With the development of the times, the mobile internet technology is mature day by day, and the network shopping market is more active. In order to meet the demand of people for good life, the commodities are more abundant in variety and number, and the phenomenon also causes a plurality of problems. For network commodity managers, the classification work has a great obstacle due to the over-complicated commodity types. Most of the commodity classification work is carried out through an artificial intelligence algorithm, but the interpretability is poor, so that the problem of excessively complicated commodity classification is difficult to process.
In addition to experimental aspects, researchers have also conducted exploratory studies on deep-learning interpretable theory. Lipton analyzed the interpretability connotation of the deep learning model from 4 aspects of credibility, causal association, migration learning and information providing for the first time in 2018, and indicates that the decision made by the interpretable deep learning model often obtains higher trust, and people can still trust the model even when the result given by the trained model is different from the actual situation.
In summary, in order to make the commodity image recognition and classification algorithm overcome the difficulty that the current interpretability is difficult to obtain, balance the interpretability and the accuracy of the model, make the model capable of being used for processing the complicated commodity classification problem, meet the actual environment condition, and meet the actual application requirements, it is necessary to provide an interpretable commodity automatic classification method.
Disclosure of Invention
The invention aims to solve the problem that the prior commodity image recognition and classification algorithm is difficult to obtain interpretability, so that the prior method is difficult to accurately classify complex commodities, and provides an automatic commodity classification method and system with interpretability.
The technical scheme adopted by the invention for solving the technical problems is as follows:
based on one aspect of the invention, the method for automatically classifying the interpretive commodities specifically comprises the following steps:
designing a network architecture consisting of a basic classifier and an interpretation hierarchy, wherein the basic classifier is a CNN network model, and the interpretation hierarchy is an induced decision tree;
after the CNN network model is pre-trained, an induced decision tree is constructed by loading the weight of the last full connection layer in the pre-trained CNN network model;
step two, training the network architecture designed in the step one by using the marked commodity image data set until the classification accuracy of the network architecture on the marked data set reaches a set threshold value, and stopping training;
and step three, inputting the commodity images to be classified into the trained network architecture, outputting the classification result by using the CNN network model, and outputting an explanation decision process by using an induction decision tree.

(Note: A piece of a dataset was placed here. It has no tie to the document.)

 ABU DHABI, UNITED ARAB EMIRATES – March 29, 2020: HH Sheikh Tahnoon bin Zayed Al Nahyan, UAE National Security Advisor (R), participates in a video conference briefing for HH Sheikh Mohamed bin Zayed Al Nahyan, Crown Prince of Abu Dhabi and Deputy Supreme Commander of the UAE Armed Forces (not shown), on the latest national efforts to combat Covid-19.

According to another aspect of the invention, an automatic classification system for interpretive goods is used for executing an automatic classification method for interpretive goods.

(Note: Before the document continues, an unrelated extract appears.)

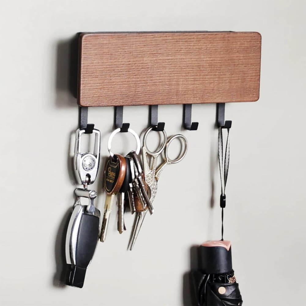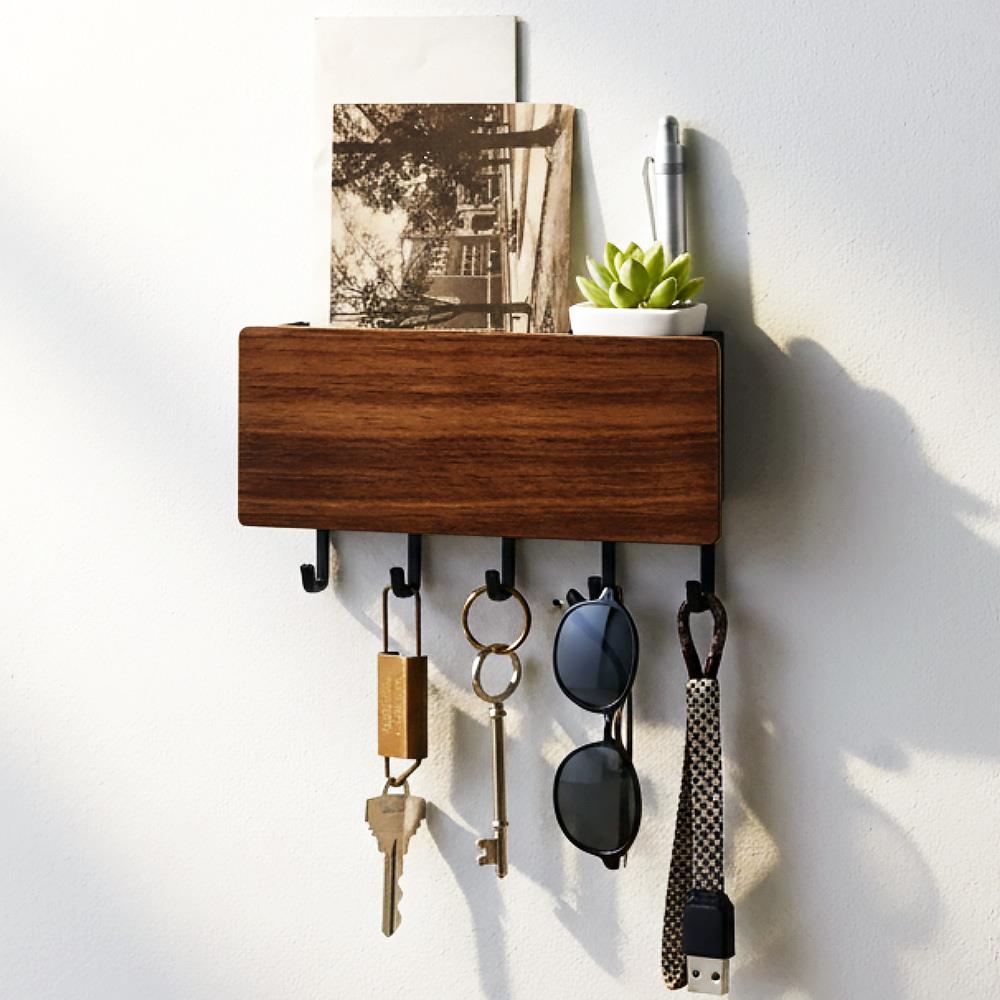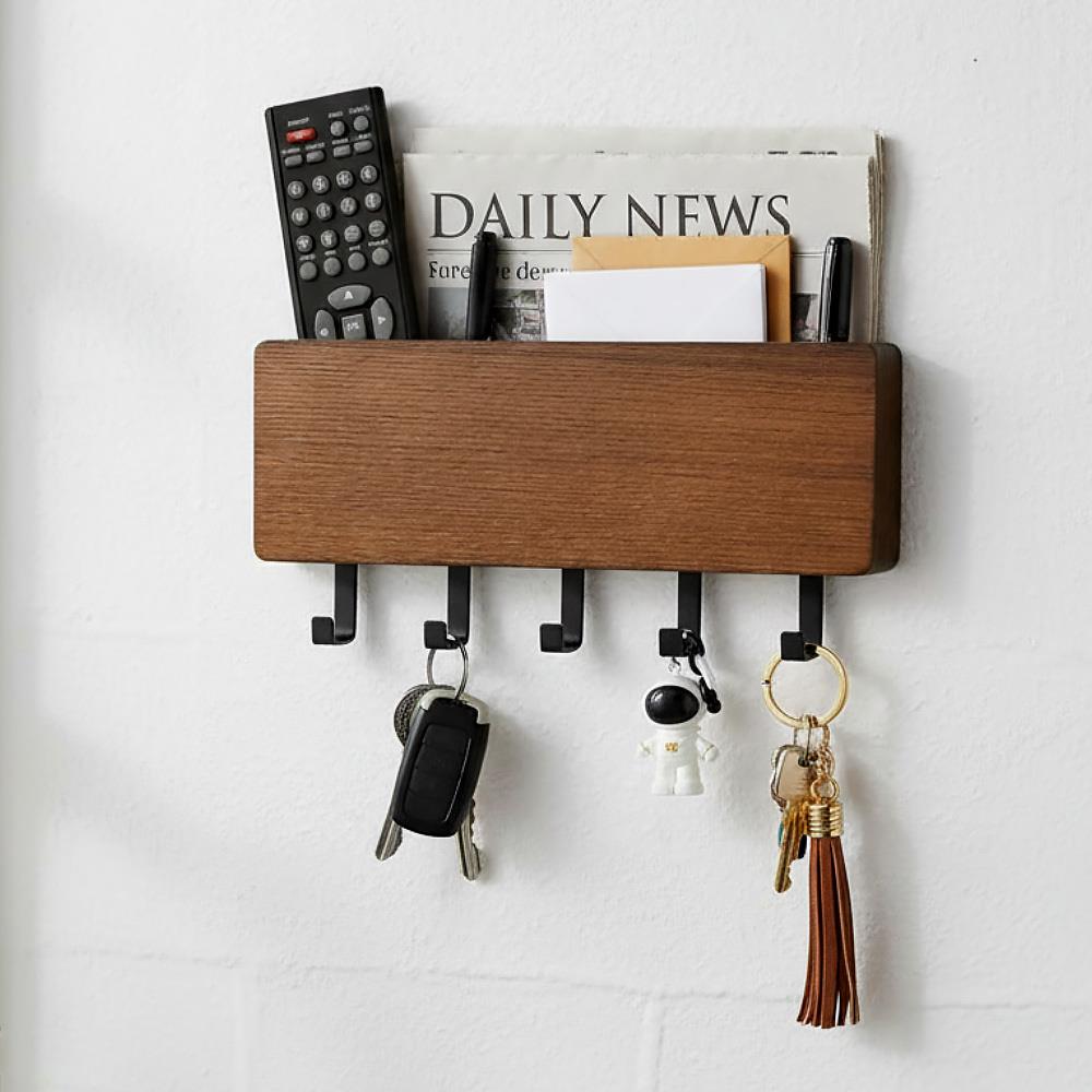 Dřevěný věšák na klíče s přihrádkou

The invention has the beneficial effects that: the invention provides an interpretive automatic commodity classification method and system, wherein a Pythroch tool is used for carrying out double-label format labeling on an image to construct a corresponding data set, a designed network architecture is trained by utilizing the constructed data set, the image is classified by adopting the trained network architecture, and meanwhile, a visual result is displayed in a webpage, so that a commodity identification classification model with high classification accuracy and strong interpretability is realized, and the problem that the complex commodity identification classification is difficult by the traditional method is solved.
The loss function and the embedded decision rule used by the method of the invention ensure that the CNN model has interpretability and simultaneously balances accuracy and interpretability, thereby saving the debugging time of workers on the commodity classification model and being matched with the front-end interface for convenient use and debugging.
Drawings
FIG. 1 is a flow chart of the method of the present invention;
FIG. 2 is a diagram of the construction of an induced decision tree according to the present invention;
FIG. 3 is a system display diagram in the present invention;
FIG. 4 is a graph of the visualization of the results of the present invention.
Detailed Description
First embodiment this embodiment will be described with reference to fig. 1. The method for automatically classifying an explanatory product according to the present embodiment specifically includes the following steps:
designing a network architecture consisting of a basic classifier and interpretable levels, wherein the basic classifier is a CNN network model, and the interpretable levels are induced decision trees;
after the CNN network model is pre-trained, an induced decision tree is constructed by loading the weight of the last full connection layer in the pre-trained CNN network model;
step two, training the network architecture designed in the step one by using the marked commodity image data set until the classification accuracy of the network architecture on the marked data set reaches a set threshold value, and stopping training;
and step three, inputting the commodity images to be classified into the trained network architecture, outputting the classification result by using the CNN network model, and outputting an explanation decision process by using an induction decision tree.
Because the induced hierarchy is built using model weights, intermediate nodes are not forced to split on foreground objects. While a hierarchy like WordNet provides assumptions about the meaning of a node, the tree may split according to unexpected contextual semantic and visual mathematical properties, and to diagnose the visual meaning of a node, the following 4-step test is performed:
1) the meaning of the node is assumed.
This assumption can be calculated automatically for a given classification or can be deduced by manually examining the leaves of each child.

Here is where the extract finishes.